Exercise prompt: Please transcribe the data that follows without the pictures, keeping every word the same.

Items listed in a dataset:

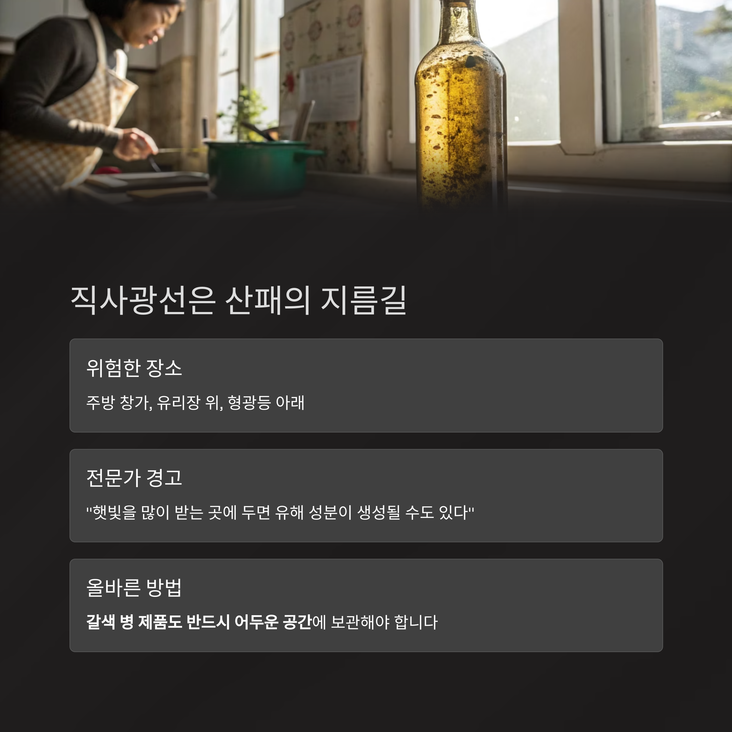 건강을 위해 선택한 올리브오일이 잘못된 보관 습관 때문에 오히려 독이 될 수 있다는 사실, 알고 계셨나요?
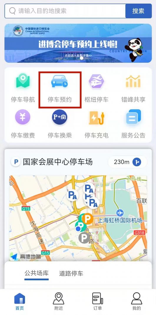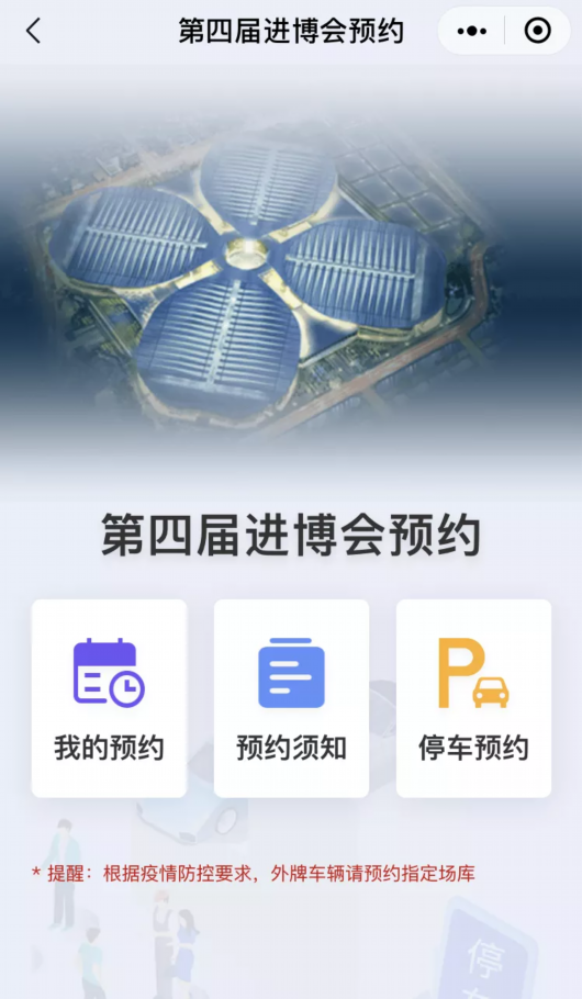 打开“上海停车”小程序,点击进入第四届进博会停车预约页面,选择“停车预约”,即可预约进博会停车位~
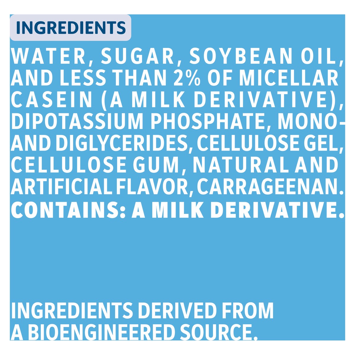 Water, Sugar, Soybean Oil, and Less than 2% of Micellar Casein (a Milk Derivative), Dipotassium Phosphate, Mono- and Diglycerides, Cellulose Gel, Cellulose Gum, Natural and Artificial Flavor, Carragee…
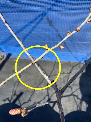 過剰な肥料成分は枝いに白く析出される
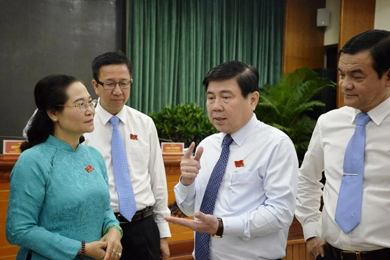 Chủ tịch UBND TP.HCM Nguyễn Thành Phong trao đổi với Chủ tịch HĐND TP Nguyễn Thị Lệ tại kỳ họp. Ảnh: TÁ LÂM
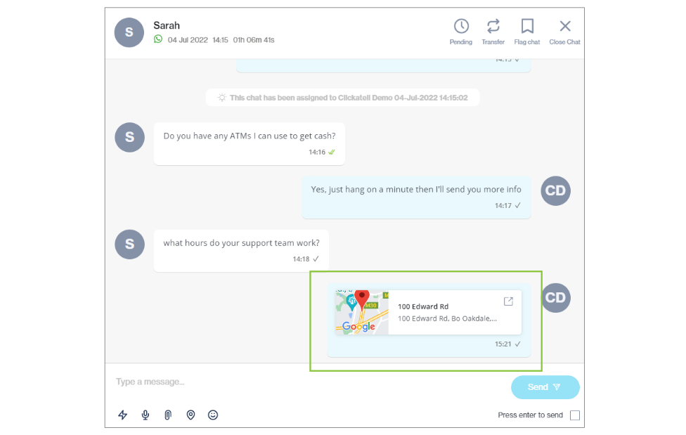 If you are using the SMS channel, the location will be shared as a link that the customer can click.
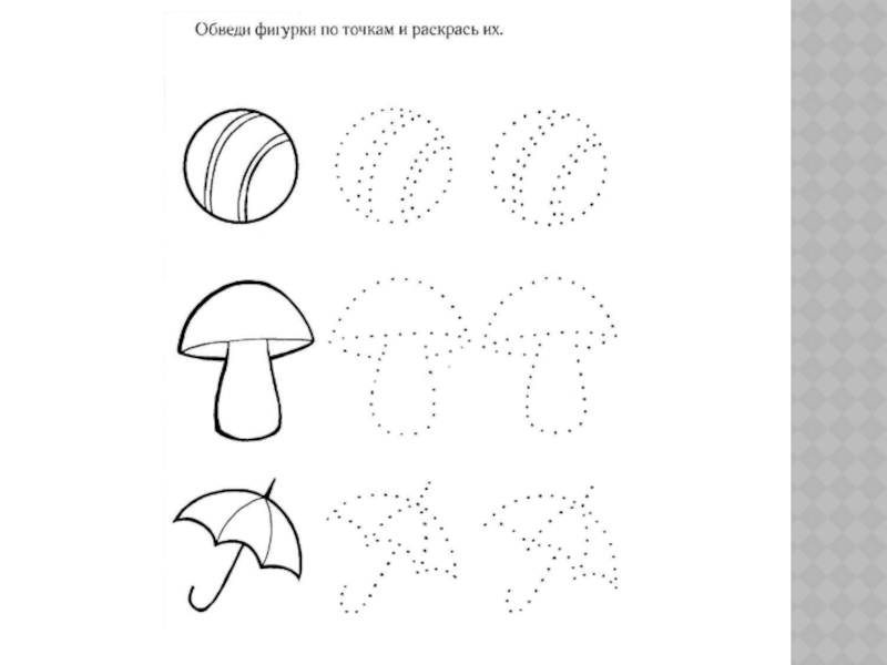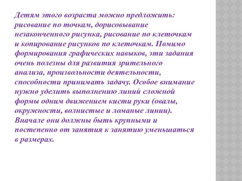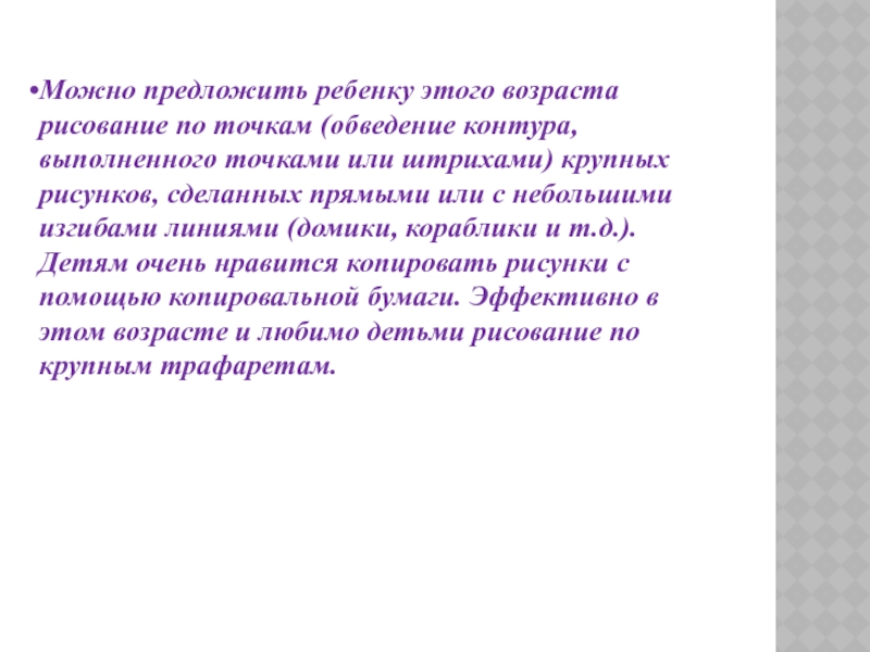 Слайд 45Детям этого возраста можно предложить: рисование по точкам, дорисовывание незаконченного рисунка,
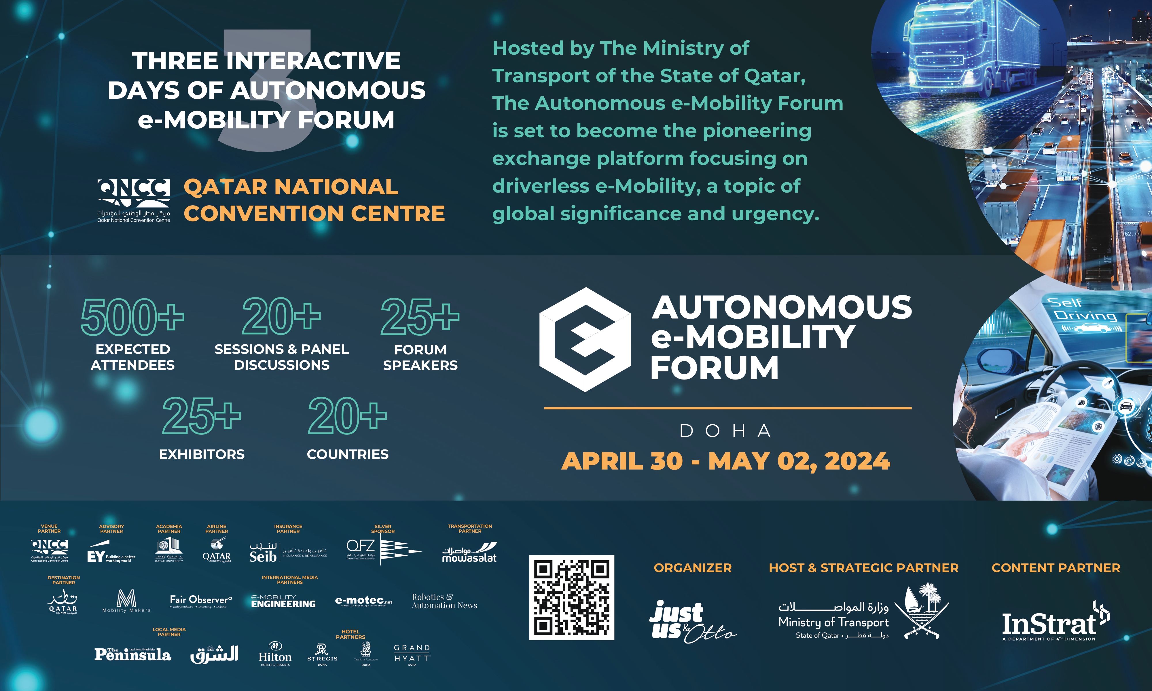 DOHA, QATAR, February 26, 2024 /EINPresswire.com/ -- Qatar is gearing up to host the Autonomous e-Mobility Forum (AEMOB), a pioneering event scheduled from April 30 to May 2, 2024. Under the patronage of His Excellency, Jassim Saif Ahmed Al Sulaiti, Minister of Transport, and hosted by the strategic partner, Ministry of Transport of the State of Qatar, the three-day forum is set to provide a multilateral exchange platform to advance the landscape of autonomous e-Mobility, a topic of global significance and urgency.The AEMOB Forum is bringing together an international expert audience of more than 500 senior government officials, sustainability bodies, academic, technology, and industry leaders to foster positive collaboration across sectors.
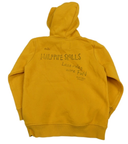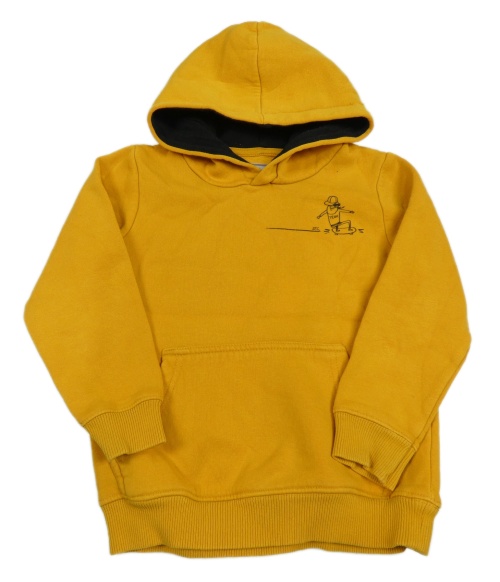 Hořčicová mikina se skateboardistou a kapsou a kapucí STC
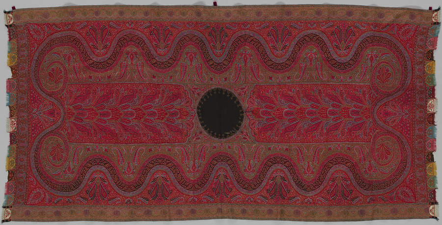 赤色の長方形の基布の中心に黒い円形の裂をはぎ合わせたカシミヤ・ショール。枝葉を広げたアブラヤシ様の文様と大小さまざまなペイズリー文様を配し、その周囲には蛇行する滑らかな曲線文様を赤色、紫色、緑色、水色、茶色の糸で綴織した裂地をはぎ合わせている。カシミヤ・ショールはもとは完全な一枚仕立て織りであったものが、より早く仕上げるために次第に部分をはぎ合わせるようになり、さらに刺繍や絵緯紋織の技法で織られるようになる。本品のように中心に黒い無地の空間を配するショールは18世紀頃から見られるもので、時代が下るに従いその形はより複雑になっていく。本品に表わされた蛇行する曲線や、枝葉を広げた棕櫚文様などは、ヨーロッパで特に好まれたモティーフである。また、ペイズリー文様はシク期(19世紀前半)のものに比べると胴部の膨らみが少ないことなどから、ドグラ期(19世紀後半)の制作と考えられる。
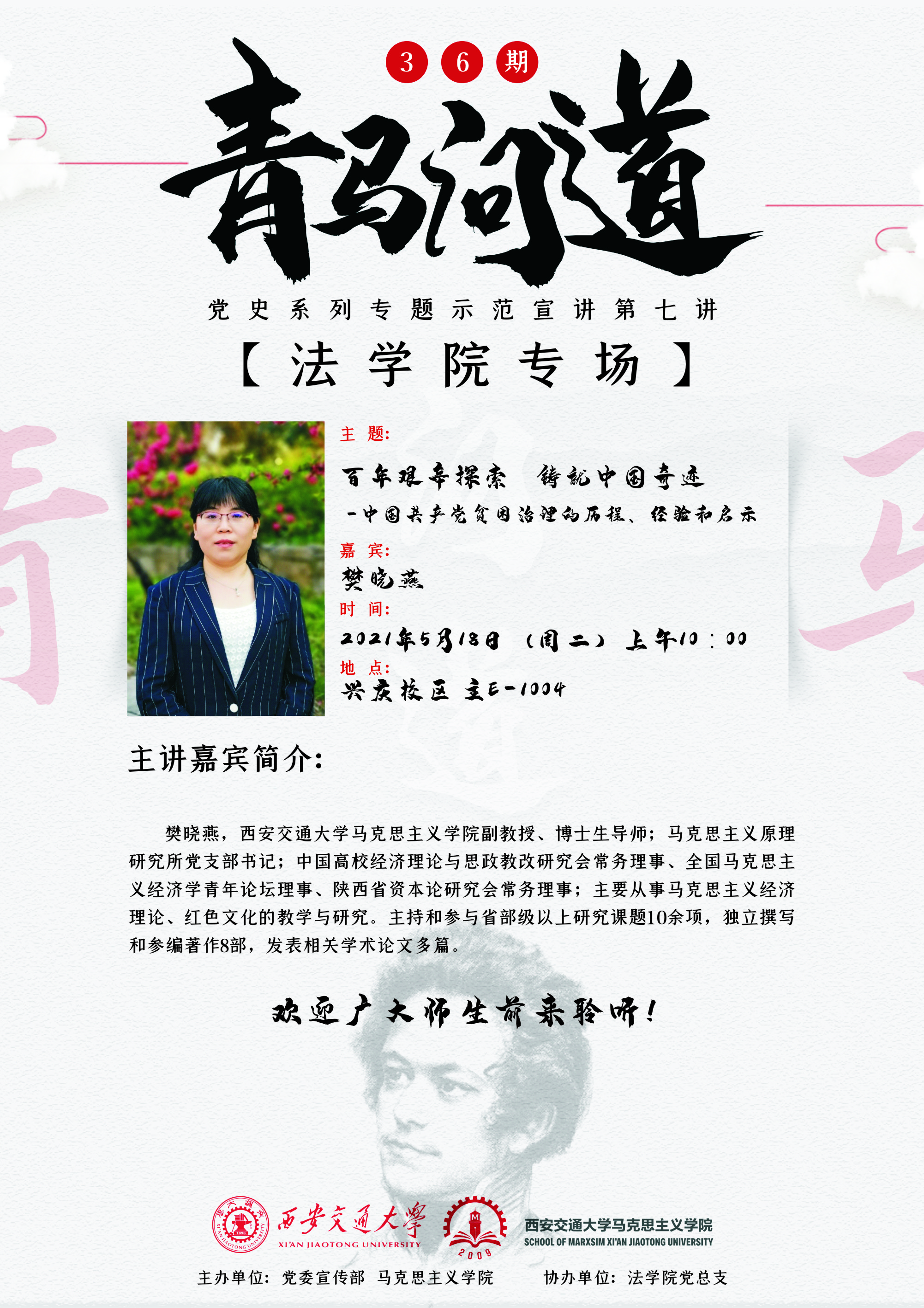 【讲座预告】青马问道36期----党史系列专题示范宣讲第七讲【法学院专场】
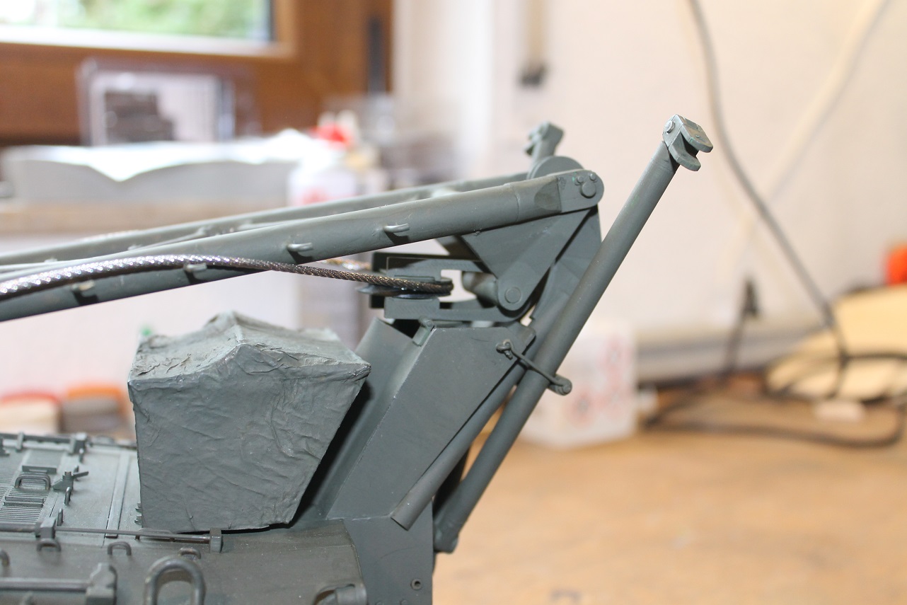 Hier sieht man noch die Auflage-Transportstellung für die Umlenkrolle.
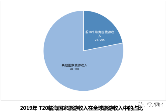 海洋旅游在世界旅游业中占有举足轻重的地位并且呈现强势增长态势。在全世界旅游收入排名前25位的国家和地区中,沿海国家和地区有23个,这些国家和地区的旅游总收入占到全世界的近70%。2019年,T20国家中有18个为临海国家,其旅游收入占全球旅游收入的21.90%
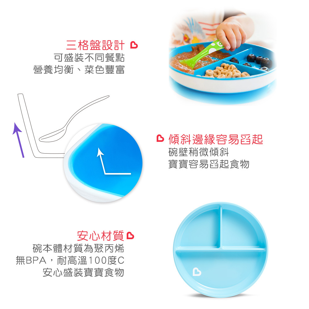 ●強大吸力,不易滑動,讓寶寶學習自己進食
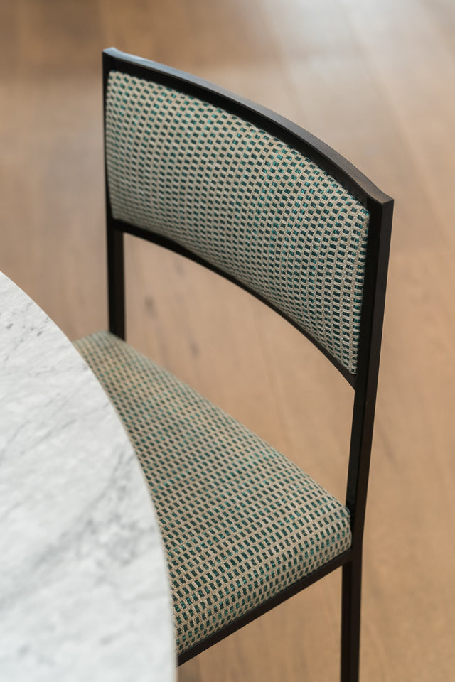 Nos decantamos por algo más divertido en los cabeceros curvilíneos del dormitorio de los niños y en las sillas del comedor, ambos en tonos verdes que aportan diseño y desprenden frescura. El mobiliario, también a medida, se diseñó para potenciar la calidez del espacio. Para lograrlo, se utilizaron materiales que reflejan cada rayo de luz, como acabados lacados en tonos claros, vidrios y la espectacular mesa Milán con el sobre en mármol.
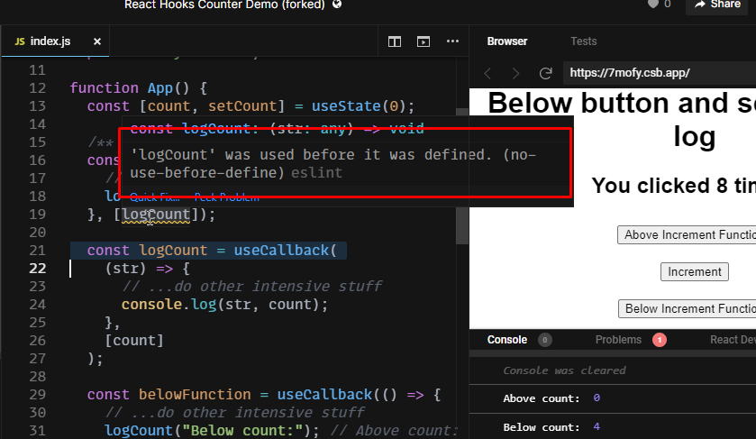ReactDOM.render(<App />, rootElement);显然,useCallback声明的顺序对于代码的工作非常重要。但是,如果我们这样写它,https://codesandbox.io/s/react-hooks-counter-demo-forked-7mofy?file=/src/index1.js
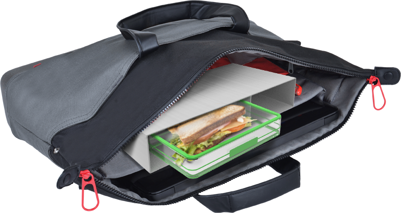 SlimLine - a line of products consisting of two lunch boxes, one for snacks and one for lunch, that are designed to fit inside laptop bags without spilling. A thermos/drinking bottle will be included as well. All the products have the same height and depth, only varying in width. They match in their professional design. SlimFit - The SlimFit is the sleeve complimentary to the SlimLine products, designed to contain them in the bag. It makes it easier to take everything out, adds a level of security against spilling, and keeps the lunchboxes in place and accessible. It allows for flexibility in what to take, as the boxes are proportional in width, meaning that 2 snack boxes equal the width of 1 lunch box.
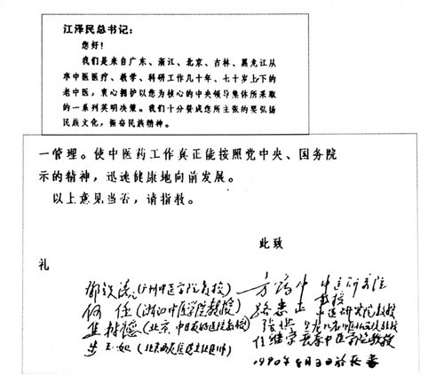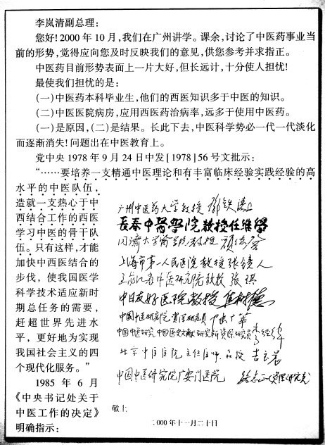 2000年11月,张琪与广州中医药大学邓铁涛教授等九位名老中医就中医药教育问题致信李岚清副总理。

Answer to this problem:
 건강을 위해 선택한 올리브오일이 잘못된 보관 습관 때문에 오히려 독이 될 수 있다는 사실, 알고 계셨나요?
 打开“上海停车”小程序,点击进入第四届进博会停车预约页面,选择“停车预约”,即可预约进博会停车位~
 Water, Sugar, Soybean Oil, and Less than 2% of Micellar Casein (a Milk Derivative), Dipotassium Phosphate, Mono- and Diglycerides, Cellulose Gel, Cellulose Gum, Natural and Artificial Flavor, Carragee…
 過剰な肥料成分は枝いに白く析出される
 Chủ tịch UBND TP.HCM Nguyễn Thành Phong trao đổi với Chủ tịch HĐND TP Nguyễn Thị Lệ tại kỳ họp. Ảnh: TÁ LÂM
 If you are using the SMS channel, the location will be shared as a link that the customer can click.
 Слайд 45Детям этого возраста можно предложить: рисование по точкам, дорисовывание незаконченного рисунка,
 DOHA, QATAR, February 26, 2024 /EINPresswire.com/ -- Qatar is gearing up to host the Autonomous e-Mobility Forum (AEMOB), a pioneering event scheduled from April 30 to May 2, 2024. Under the patronage of His Excellency, Jassim Saif Ahmed Al Sulaiti, Minister of Transport, and hosted by the strategic partner, Ministry of Transport of the State of Qatar, the three-day forum is set to provide a multilateral exchange platform to advance the landscape of autonomous e-Mobility, a topic of global significance and urgency.The AEMOB Forum is bringing together an international expert audience of more than 500 senior government officials, sustainability bodies, academic, technology, and industry leaders to foster positive collaboration across sectors.
 Hořčicová mikina se skateboardistou a kapsou a kapucí STC
 赤色の長方形の基布の中心に黒い円形の裂をはぎ合わせたカシミヤ・ショール。枝葉を広げたアブラヤシ様の文様と大小さまざまなペイズリー文様を配し、その周囲には蛇行する滑らかな曲線文様を赤色、紫色、緑色、水色、茶色の糸で綴織した裂地をはぎ合わせている。カシミヤ・ショールはもとは完全な一枚仕立て織りであったものが、より早く仕上げるために次第に部分をはぎ合わせるようになり、さらに刺繍や絵緯紋織の技法で織られるようになる。本品のように中心に黒い無地の空間を配するショールは18世紀頃から見られるもので、時代が下るに従いその形はより複雑になっていく。本品に表わされた蛇行する曲線や、枝葉を広げた棕櫚文様などは、ヨーロッパで特に好まれたモティーフである。また、ペイズリー文様はシク期(19世紀前半)のものに比べると胴部の膨らみが少ないことなどから、ドグラ期(19世紀後半)の制作と考えられる。
 【讲座预告】青马问道36期----党史系列专题示范宣讲第七讲【法学院专场】
 Hier sieht man noch die Auflage-Transportstellung für die Umlenkrolle.
 海洋旅游在世界旅游业中占有举足轻重的地位并且呈现强势增长态势。在全世界旅游收入排名前25位的国家和地区中,沿海国家和地区有23个,这些国家和地区的旅游总收入占到全世界的近70%。2019年,T20国家中有18个为临海国家,其旅游收入占全球旅游收入的21.90%
 ●強大吸力,不易滑動,讓寶寶學習自己進食
 Nos decantamos por algo más divertido en los cabeceros curvilíneos del dormitorio de los niños y en las sillas del comedor, ambos en tonos verdes que aportan diseño y desprenden frescura. El mobiliario, también a medida, se diseñó para potenciar la calidez del espacio. Para lograrlo, se utilizaron materiales que reflejan cada rayo de luz, como acabados lacados en tonos claros, vidrios y la espectacular mesa Milán con el sobre en mármol.
ReactDOM.render(<App />, rootElement);显然,useCallback声明的顺序对于代码的工作非常重要。但是,如果我们这样写它,https://codesandbox.io/s/react-hooks-counter-demo-forked-7mofy?file=/src/index1.js
 SlimLine - a line of products consisting of two lunch boxes, one for snacks and one for lunch, that are designed to fit inside laptop bags without spilling. A thermos/drinking bottle will be included as well. All the products have the same height and depth, only varying in width. They match in their professional design. SlimFit - The SlimFit is the sleeve complimentary to the SlimLine products, designed to contain them in the bag. It makes it easier to take everything out, adds a level of security against spilling, and keeps the lunchboxes in place and accessible. It allows for flexibility in what to take, as the boxes are proportional in width, meaning that 2 snack boxes equal the width of 1 lunch box.
 2000年11月,张琪与广州中医药大学邓铁涛教授等九位名老中医就中医药教育问题致信李岚清副总理。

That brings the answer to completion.